A learning formula in creative writing is: drive your hero up a tree, then throw stones at him and see how he comes back down.

So ask yourself the following concrete questions:

  1. What does the normal world look like now?
  2. How is the normal world changing - what is coming out of balance?
  3. What provides the decisive impetus for action?
  4. What is the antagonistic force to be overcome? - Who is the opponent? (It is never the competition!)
  5. How do we overcome this antagonistic force?
  6. How have we now brought our world back into (a better) balance?

With the Velux story, it could work like this:

  1. We live in great contentment in our beautiful houses and flats.
  2. But our modern lives mean that we spend up to 90 percent of our lives indoors.
  3. Science shows that the lack of daylight has massive negative effects on our health, well-being, performance and mood. People, we have to do something! We have to save the indoor generation!
  4. The exclusion of nature from our lives is the great threat to our so-called civilisation. This threat must be defeated with everything we have and can.
  5. Our feat: We bring nature back into our lives by building windows that optimally supply our living spaces with the positive effect of the natural habitat.
  6. Everything is good now - indeed, better! We enjoy natural light, fresh air, views, sounds and smells of nature indoors too, have our well-being back and better indoor living spaces than ever before.

And a technical company that manufactures windows is transformed into an emotional saviour of our quality of life, the saviour of the indoor generation. It's quite simple, isn't it?

Well, just ... You probably remember the scene from "Jurassic Park" when the galloping dinosaur becomes visible in the rearview mirror and the writing in the rearview mirror says: "Objects in mirror are closer than they appear"?

via GIPHY

Here's my warning: stories viewed in the rear-view mirror are easier to deconstruct than they are to develop looking forward. So please don't be blinded by the simplicity of The Arc of Change tool. You probably won't be able to write down your brand's storyline off the cuff. It will take some leisure, effort and time.
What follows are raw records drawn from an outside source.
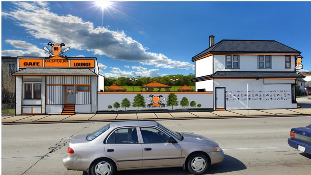
Exterior North view looking south after renovations

The Buyer understands that any changes or modifications to the exterior facade may require approval from the Department of City Development's Planning staff.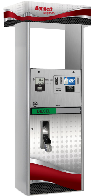
Big Fueler shown with Alphanumeric Keypad and 7" Widescreen Display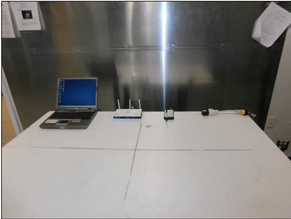
Figure 5: Conducted Emissions Test Setup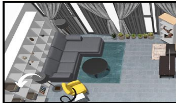
TOP VIEW OF THE LIVING ROOM

But it pays off! For personal brands, for seemingly bland products, for so-called brands that now live solely on well-told advertising stories and want to transform themselves into a real brand with a mission, because they have to. The time of advertising clowning is over, even if it doesn't look like it to many. - Did I already mention: "Objects in mirror are closer than they appear"?

And again, because it's important: Choose a strong opponent for your brand story, because you need one. That can never be your competition. In this article I explain why.

Because regardless of whether it's a global corporation or an SME - every person, every company has and needs meaning, a mission, a purpose, i.e. at least one archaic value and the story it activates, around which everything revolves. With this story, you transform seemingly bland things into relevant ones, give meaning to apparent commodities and establish a relationship with your audience. This is how you win like-minded comrades-in-arms in the company, where every story must start if it is to be serious and therefore effective.

If you can't convey a purpose in your story, there's only one theme left: the small price. And in this case, it's just the heel money for the last friend who leaves through the window.

So to all those who say, "It doesn't apply to me and my brand!", take heart in the words my grandmother, old Story Dudette, embroidered on the cover of a decorative cushion in the glow of the first meagre rays of spring sunshine filtering through the small skylight of her gloomy nursery: "No Story. No Glory."